TASK TO CARRY OUT: Return only the lines of the data below from the line with "YOUR GALLERY Women's" up to and including the line with "950 (marked) Silver", exactly as written, with the pictures omitted.

PROVIDED DATA:

········

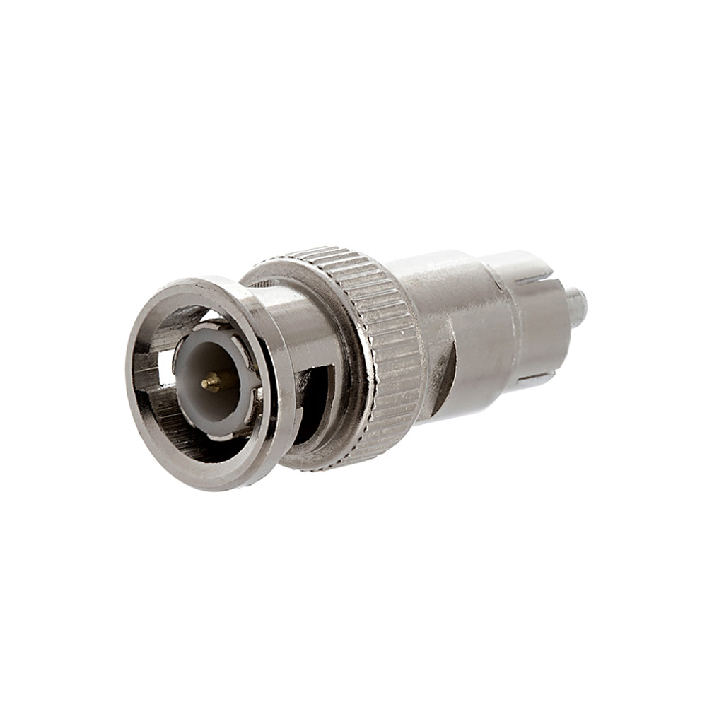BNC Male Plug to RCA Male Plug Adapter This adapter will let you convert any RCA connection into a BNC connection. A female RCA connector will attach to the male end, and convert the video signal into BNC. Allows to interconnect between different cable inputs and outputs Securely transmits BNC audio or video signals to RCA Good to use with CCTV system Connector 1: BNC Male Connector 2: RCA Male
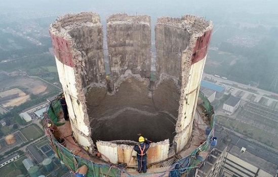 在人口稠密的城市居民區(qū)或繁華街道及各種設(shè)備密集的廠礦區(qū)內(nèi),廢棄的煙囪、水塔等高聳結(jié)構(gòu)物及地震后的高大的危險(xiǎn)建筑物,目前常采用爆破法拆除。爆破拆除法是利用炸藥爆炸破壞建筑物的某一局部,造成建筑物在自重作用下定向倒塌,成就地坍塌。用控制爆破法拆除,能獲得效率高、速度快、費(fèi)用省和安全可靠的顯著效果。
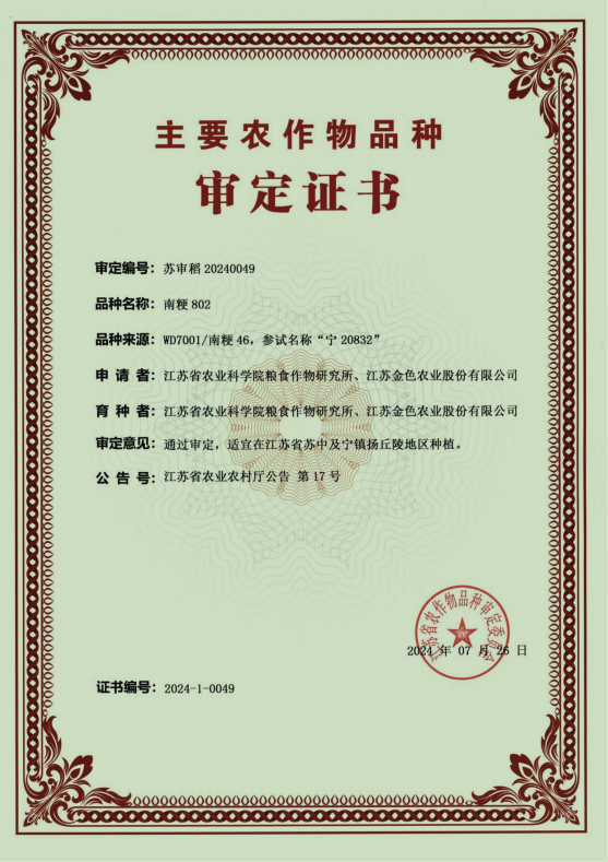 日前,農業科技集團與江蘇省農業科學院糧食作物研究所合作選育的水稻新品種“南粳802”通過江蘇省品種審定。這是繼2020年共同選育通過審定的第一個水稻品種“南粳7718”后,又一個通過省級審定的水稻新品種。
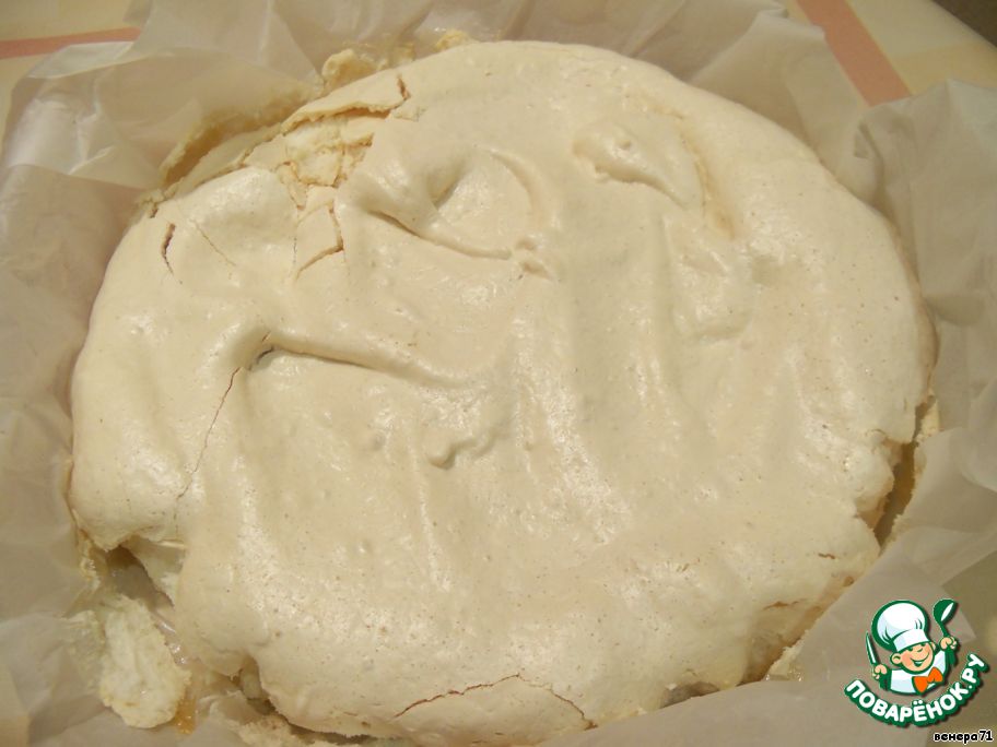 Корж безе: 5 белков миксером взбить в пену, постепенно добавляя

········

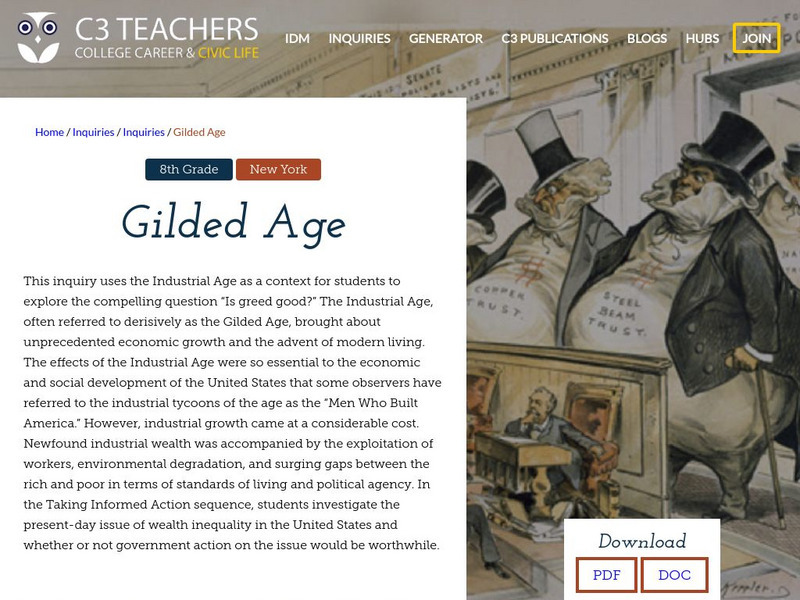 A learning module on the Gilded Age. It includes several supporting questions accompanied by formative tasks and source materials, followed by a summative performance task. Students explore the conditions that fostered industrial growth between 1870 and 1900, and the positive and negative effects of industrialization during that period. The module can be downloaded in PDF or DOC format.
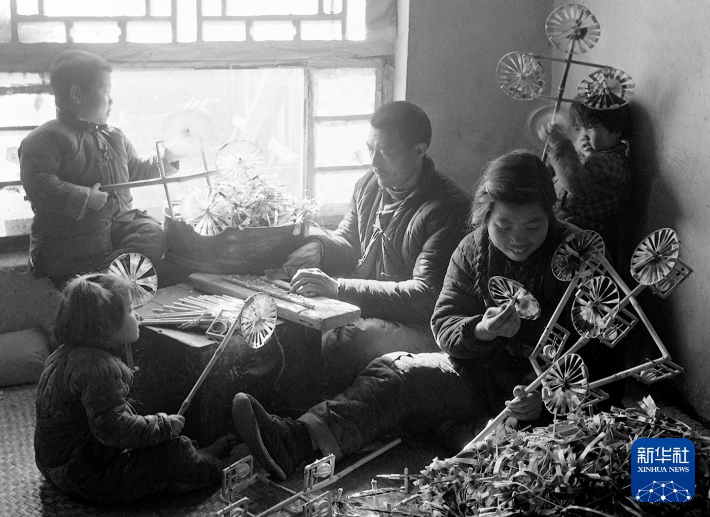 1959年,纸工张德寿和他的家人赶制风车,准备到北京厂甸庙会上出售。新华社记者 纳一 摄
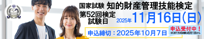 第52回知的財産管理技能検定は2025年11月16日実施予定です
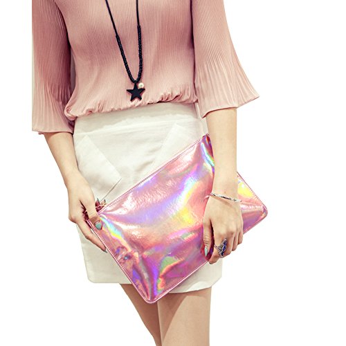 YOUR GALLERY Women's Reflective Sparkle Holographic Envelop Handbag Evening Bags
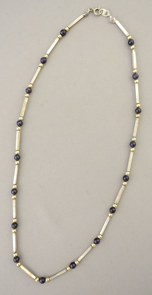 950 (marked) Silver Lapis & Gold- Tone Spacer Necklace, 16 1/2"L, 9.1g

········

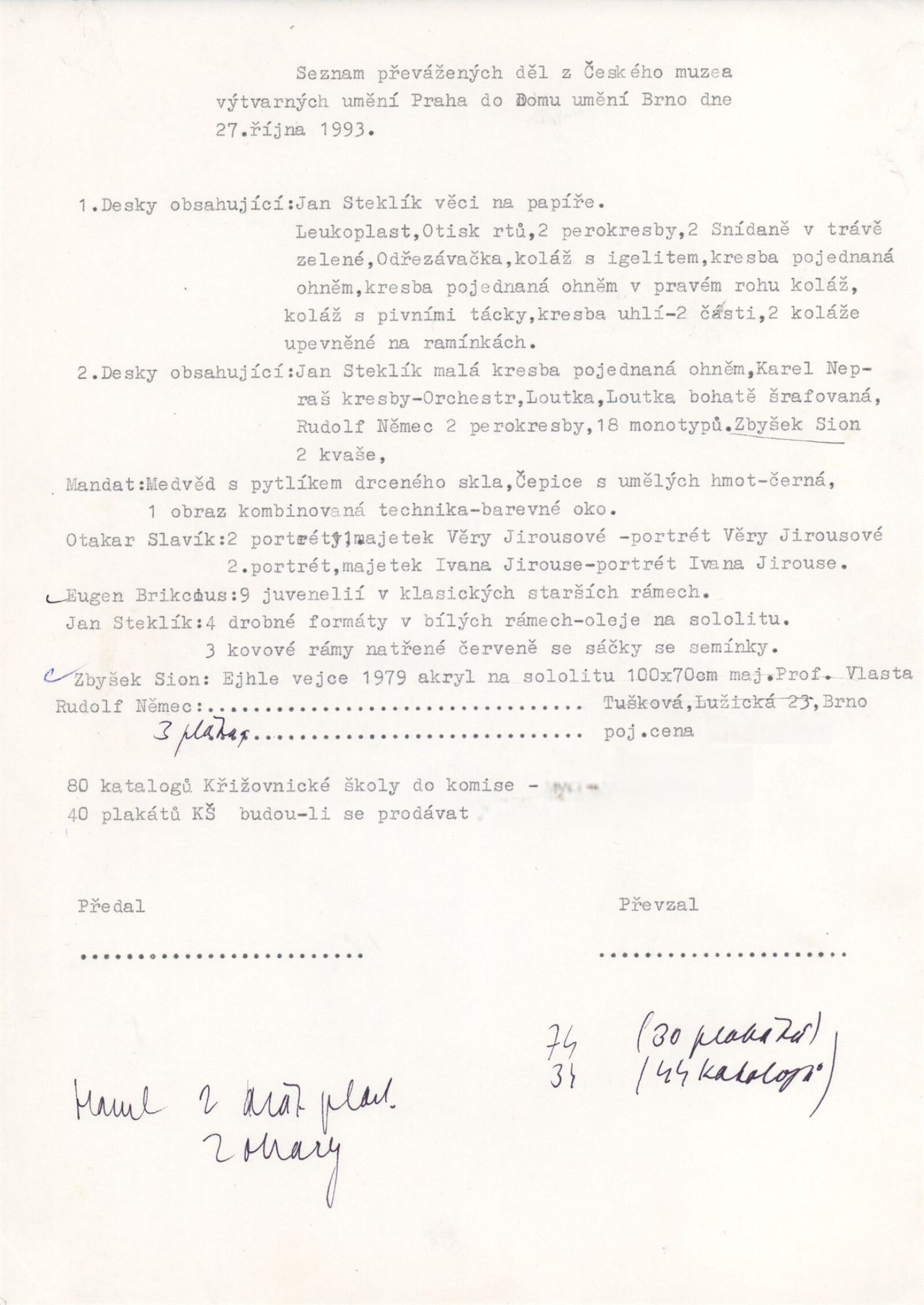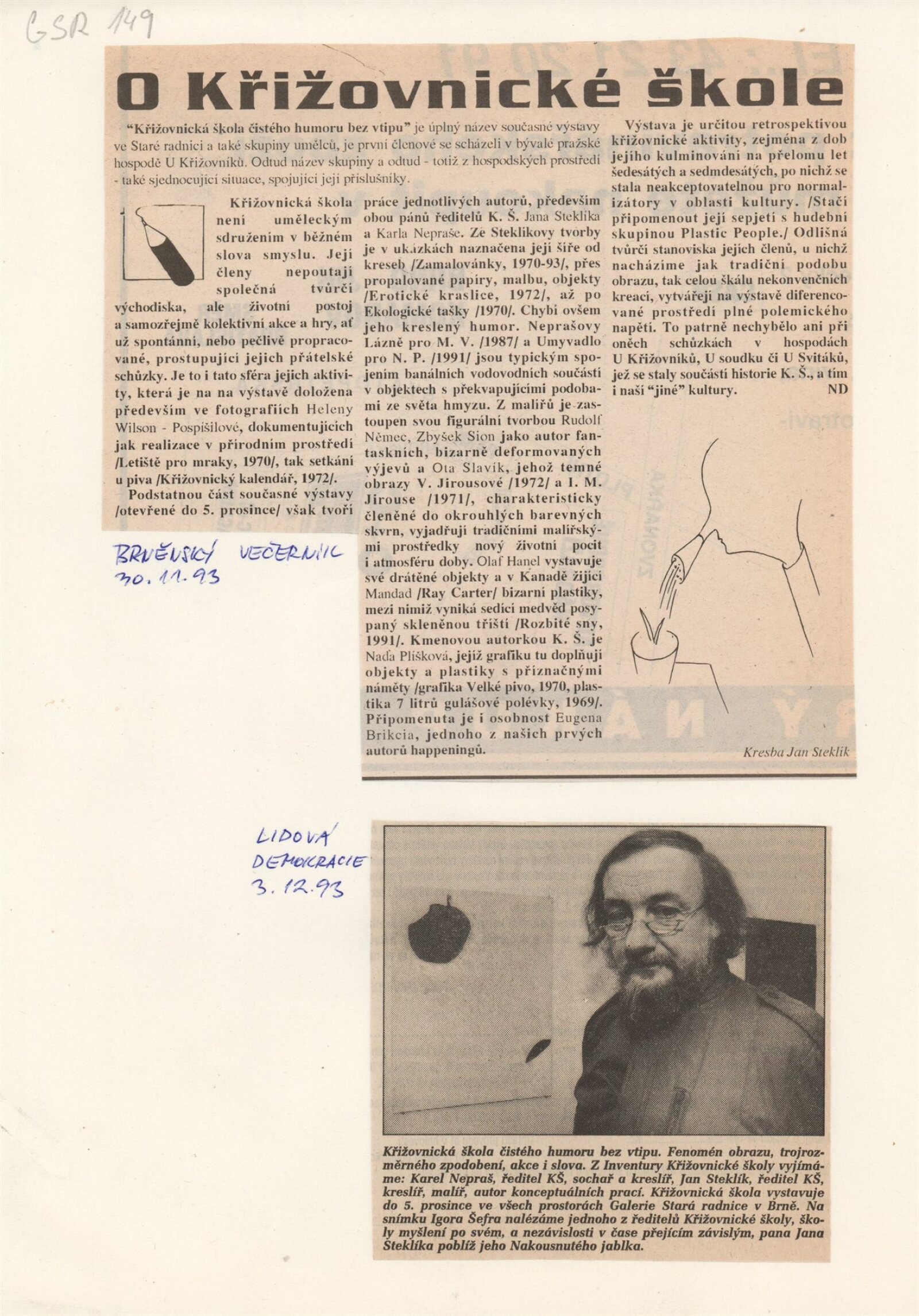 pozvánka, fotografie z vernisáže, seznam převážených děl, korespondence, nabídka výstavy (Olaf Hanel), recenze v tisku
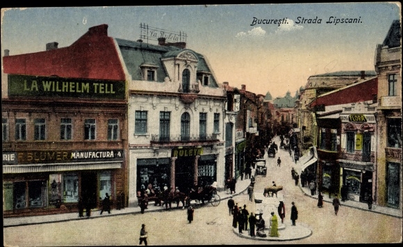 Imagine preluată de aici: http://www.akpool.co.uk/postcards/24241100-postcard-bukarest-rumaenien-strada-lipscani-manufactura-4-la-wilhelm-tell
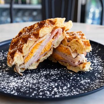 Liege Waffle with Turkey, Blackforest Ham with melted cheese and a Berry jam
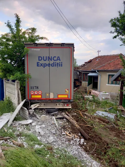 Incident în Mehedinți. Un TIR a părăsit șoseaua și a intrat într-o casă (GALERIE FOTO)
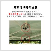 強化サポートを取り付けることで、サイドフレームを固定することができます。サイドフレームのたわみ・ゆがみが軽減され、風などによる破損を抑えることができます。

········

YOUR RESPONSE:
 YOUR GALLERY Women's Reflective Sparkle Holographic Envelop Handbag Evening Bags
 950 (marked) Silver Lapis & Gold- Tone Spacer Necklace, 16 1/2"L, 9.1g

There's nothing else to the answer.